DATA IN THIS EXERCISE:
══════════════════════════════

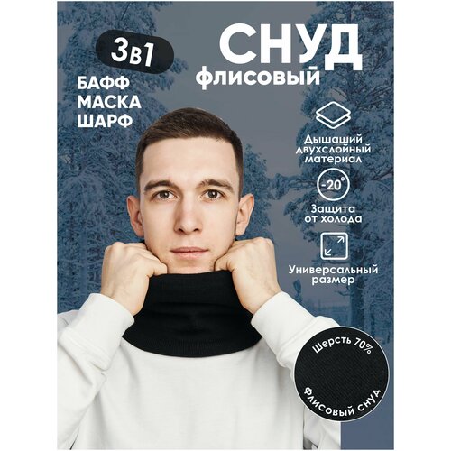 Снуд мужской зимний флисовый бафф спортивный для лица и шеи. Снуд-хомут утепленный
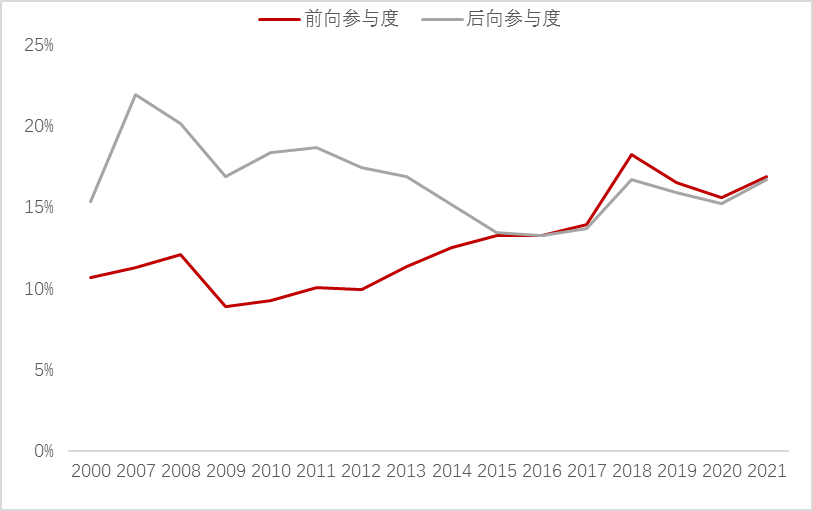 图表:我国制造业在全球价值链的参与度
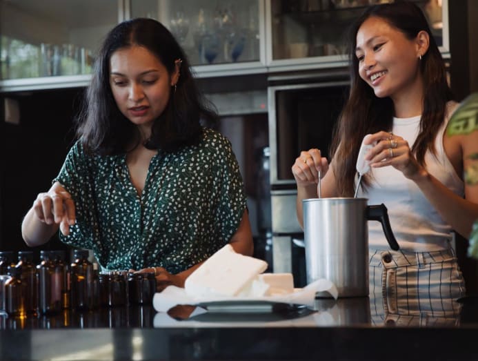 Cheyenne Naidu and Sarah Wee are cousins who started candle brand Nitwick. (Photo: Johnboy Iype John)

══════════════════════════════

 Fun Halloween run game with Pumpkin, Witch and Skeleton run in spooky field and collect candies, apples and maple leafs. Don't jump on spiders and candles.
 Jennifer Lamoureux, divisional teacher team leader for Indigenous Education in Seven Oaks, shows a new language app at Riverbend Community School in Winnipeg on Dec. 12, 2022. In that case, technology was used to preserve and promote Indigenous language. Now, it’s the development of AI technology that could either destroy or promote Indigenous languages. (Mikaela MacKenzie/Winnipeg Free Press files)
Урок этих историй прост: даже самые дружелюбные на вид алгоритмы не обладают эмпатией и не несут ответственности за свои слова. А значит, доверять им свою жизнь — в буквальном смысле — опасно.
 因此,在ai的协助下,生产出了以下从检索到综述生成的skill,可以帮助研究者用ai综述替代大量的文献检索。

══════════════════════════════

TO DO: Everything from the line containing "Урок этих историй" through the line containing "因此,在ai的协助下,生产出" in the material above should be retyped exactly, both ends included, and nothing more.

REPLY:
Урок этих историй прост: даже самые дружелюбные на вид алгоритмы не обладают эмпатией и не несут ответственности за свои слова. А значит, доверять им свою жизнь — в буквальном смысле — опасно.
 因此,在ai的协助下,生产出了以下从检索到综述生成的skill,可以帮助研究者用ai综述替代大量的文献检索。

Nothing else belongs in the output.